Carlos Martín Nieto 2011-08-06T00:35:20

Implement cooperative caching When indexing a file with ref deltas, a temporary cache for the offsets has to be built, as we don't have an index file yet. If the user takes the responsiblity for filling the cache, the packing code will look there first when it finds a ref delta.
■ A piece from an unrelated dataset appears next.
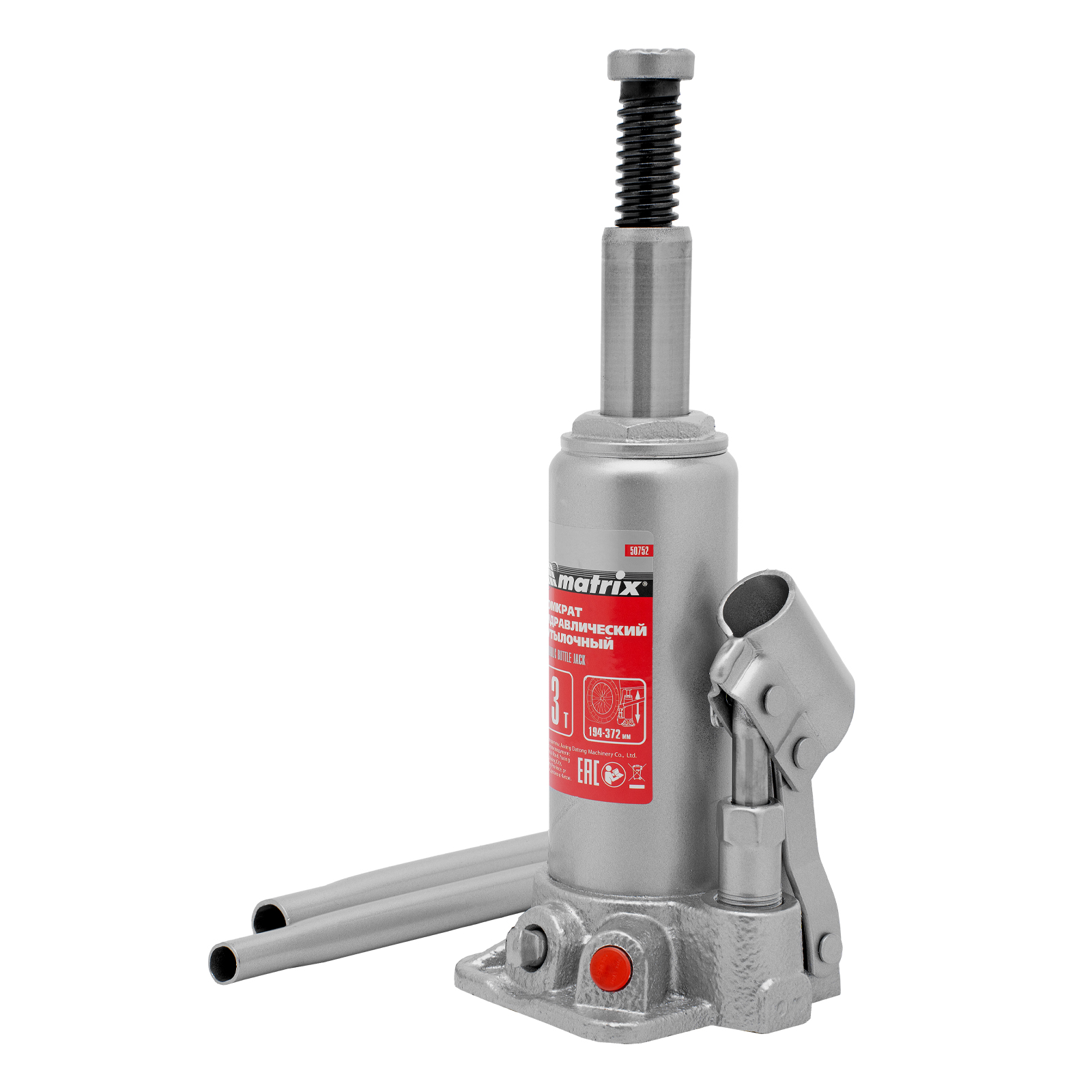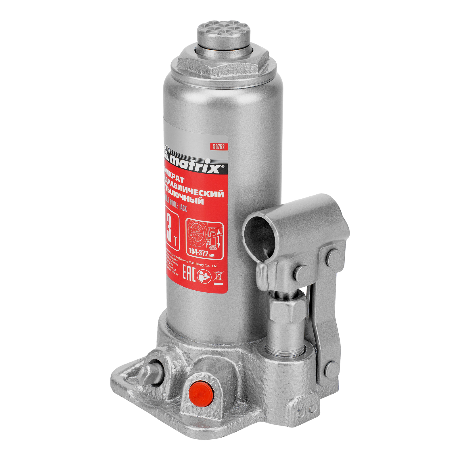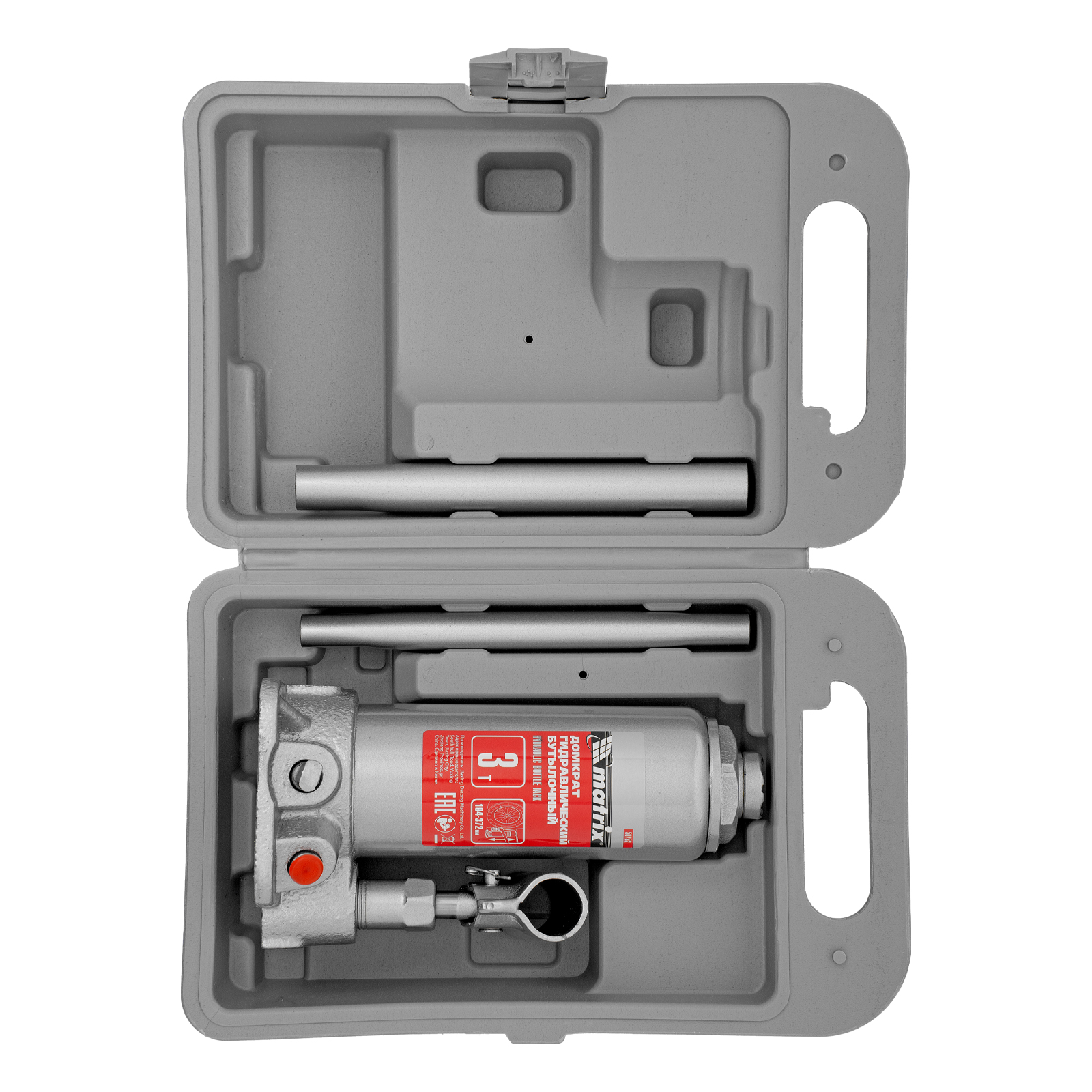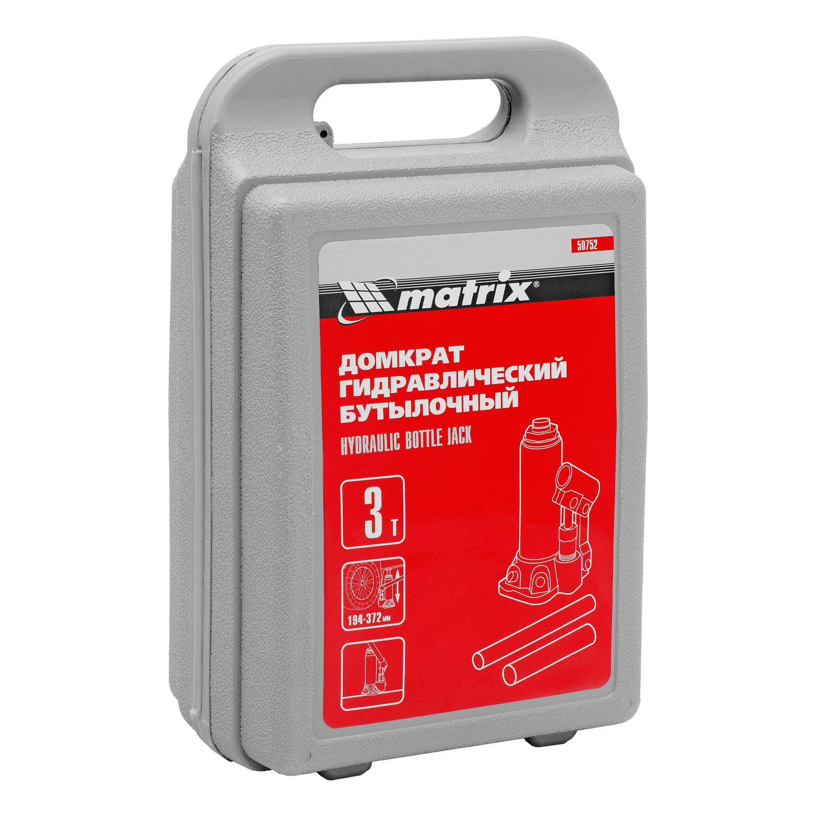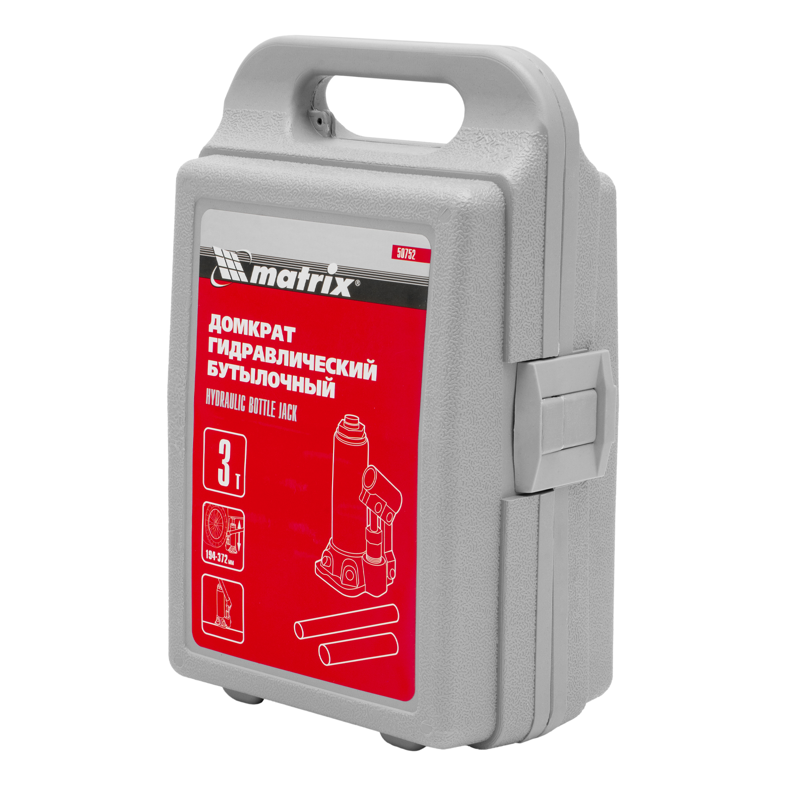 Домкрат гидравлический бутылочный, 3 т, высота подъема 194-372 мм, в пластиковый кейсе Matrix в Краснодаре

Signed-off-by: Carlos Martín Nieto <carlos@cmartin.tk>

diff --git a/src/indexer.c b/src/indexer.c
index b874a35..0ab54f7 100644
--- a/src/indexer.c
+++ b/src/indexer.c
@@ -79,7 +79,7 @@ static int parse_header(git_indexer *idx)
 	return GIT_SUCCESS;
 }
 
-int objects_cmp(const void *a, const void *b)
+static int objects_cmp(const void *a, const void *b)
 {
 	const struct entry *entrya = a;
 	const struct entry *entryb = b;
@@ -87,6 +87,15 @@ int objects_cmp(const void *a, const void *b)
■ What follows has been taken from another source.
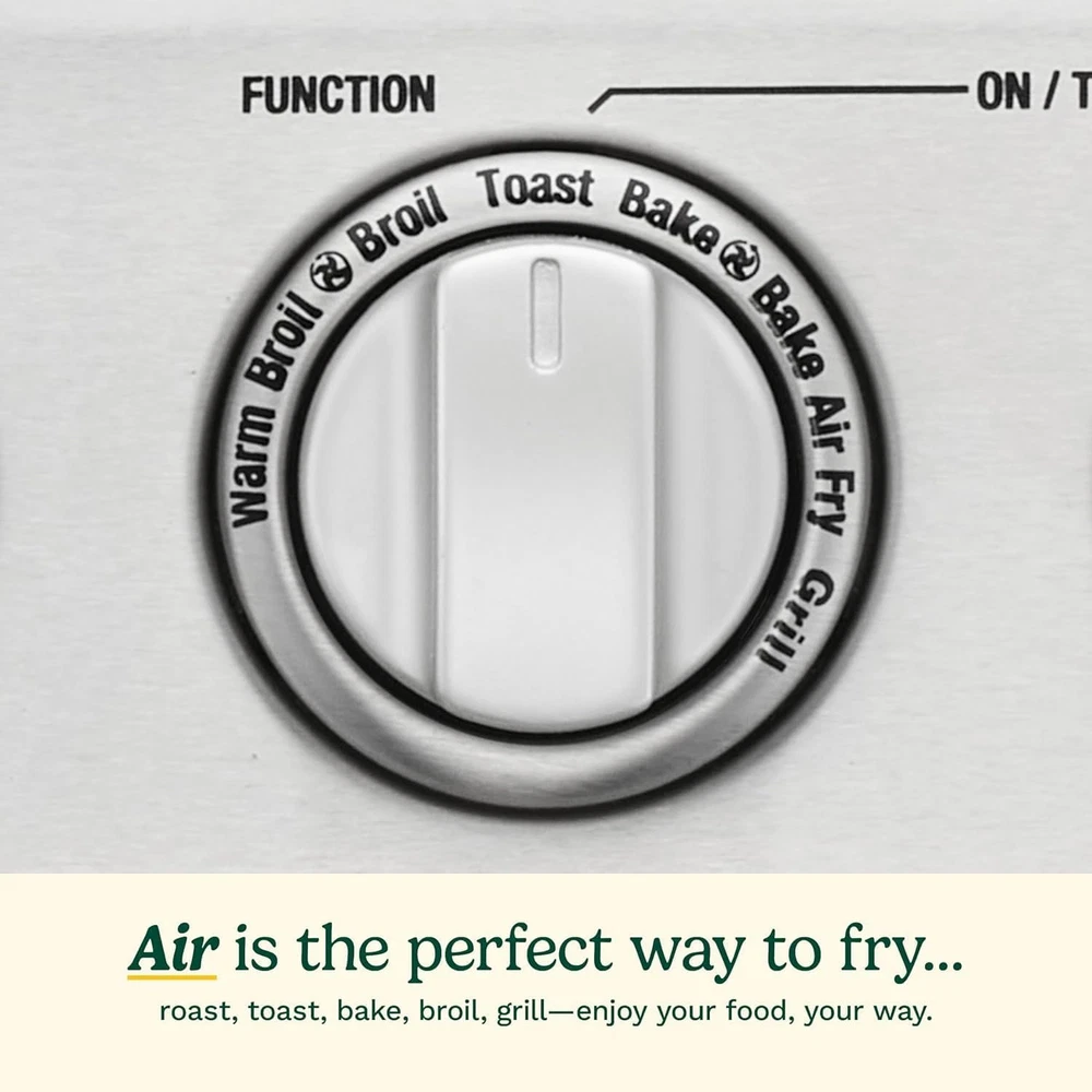 VERSATILE COOKING FUNCTIONS: This premium 1800-watt Cuisinart Air Fryer Toaster Oven is equipped with an air fry setting plus toast, convection bake, bake, convection broil, broil, grill, and warming feature SPACIOUS CAPACITY: The Cuisinart Air Fryer Toaster Oven is large enough to toast 6 slices of bread, air fry 3 lbs. of chicken wings, bake a 12” pizza, or roast a 4-lb. chicken. SUPERIOR OPERATION: Equipped with an adjustable temperature dial, 60-minute timer/auto-shutoff, and a toast shade selector, this air fryer toaster oven features a wide temperature range (Warm-450°F) to ensure your meals are cooked to your perfection FAST AND CRISPY FOOD: AirAdvantage technology with top fan/heater assembly provides optimized hot air flow for fast and crispy results, locking in flavor and giving food the crispy texture you love WHAT’S INCLUDED: The Cuisinart Air Fryer Toaster Oven includes an oven rack, baking pan/drip tray, air fry basket, ceramic non-stick reversible grill/griddle, and stainless steel easy-clean interior to make cleanup simple. The premium Cuisinart Air Fryer Toaster Oven with Grill delivers 8-in-1 convenience and large capacity to cook for a crowd. In addition to air frying french fries, baking cookies, or warming up leftovers, this 8-function air fryer includes toast, convection bake, bake, convection broil, broil, grill, and a warming feature. Sear steaks and vegetables on one side and griddle the perfect breakfast on the other with the dual-sided grill and griddle plate. Bring next-generation cooking to your countertop with the spacious 8-function oven that’s large enough to toast 6 slices of bread, air fry 3 lbs. of chicken wings, bake a 12” pizza, or roast a 4-lb. chicken. Equipped with an adjustable temperature dial, 60-minute timer/auto-shutoff, and a toast shade selector, this air fryer toaster oven features a wide temperature range (Warm-450°F) to ensure your meals are cooked to perfection. AirAdvantage technology with top fan/heater assembly provides optimized hot air flow for fast and crispy results, locking in flavor and giving food the crispy texture you love. The Cuisinart Air Fryer Toaster Oven TOA-70NAS includes an interior oven light, oven rack, baking pan, air fry basket, reversible grill/griddle, and a stainless steel easy-clean interior to make cleanup simple.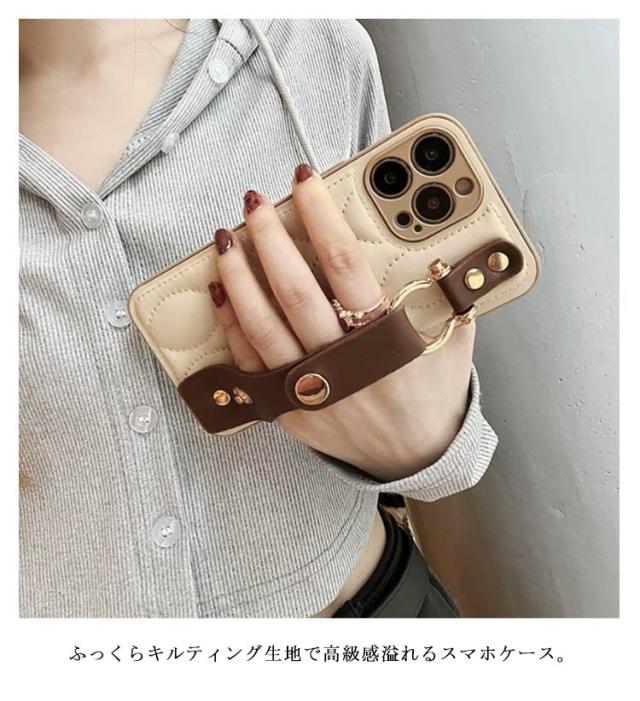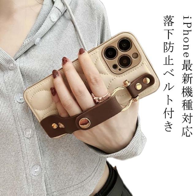 落下防止 ベルト付き キルティングケース 耐衝撃 キルティング スマホケース iPhoneケース キルティング ケース バンド付き iPhone15 ケース 衝撃保護 スマホカバー iPhone15Pro iPhone15ProMax

 	return git_oid_cmp(&entrya->oid, &entryb->oid);
 }
 
+static int cache_cmp(const void *a, const void *b)
+{
+	const struct git_pack_entry *ea = a;
+	const struct git_pack_entry *eb = b;
+
+	return git_oid_cmp(&ea->sha1, &eb->sha1);
+}
+
+
 int git_indexer_new(git_indexer **out, const char *packname)
 {
 	git_indexer *idx;
@@ -139,10 +148,14 @@ int git_indexer_new(git_indexer **out, const char *packname)
 
 	idx->nr_objects = ntohl(idx->hdr.hdr_entries);
 
+	error = git_vector_init(&idx->pack->cache, idx->nr_objects, cache_cmp);
+	if (error < GIT_SUCCESS)
+		goto cleanup;
+
+	idx->pack->has_cache = 1;
 	error = git_vector_init(&idx->objects, idx->nr_objects, objects_cmp);
-	if (error < GIT_SUCCESS) {
+	if (error < GIT_SUCCESS)
 		goto cleanup;
-	}
 
 	*out = idx;
 
@@ -250,6 +263,7 @@ int git_indexer_write(git_indexer *idx)
 	/* Write out the packfile trailer */
 
 	packfile_hash = git_mwindow_open(&idx->pack->mwf, &w, idx->st.st_size - GIT_OID_RAWSZ, GIT_OID_RAWSZ, &left);
+	git_mwindow_close(&w);
 	if (packfile_hash == NULL) {
 		error = git__rethrow(GIT_ENOMEM, "Failed to open window to packfile hash");
 		goto cleanup;
@@ -276,6 +290,7 @@ int git_indexer_write(git_indexer *idx)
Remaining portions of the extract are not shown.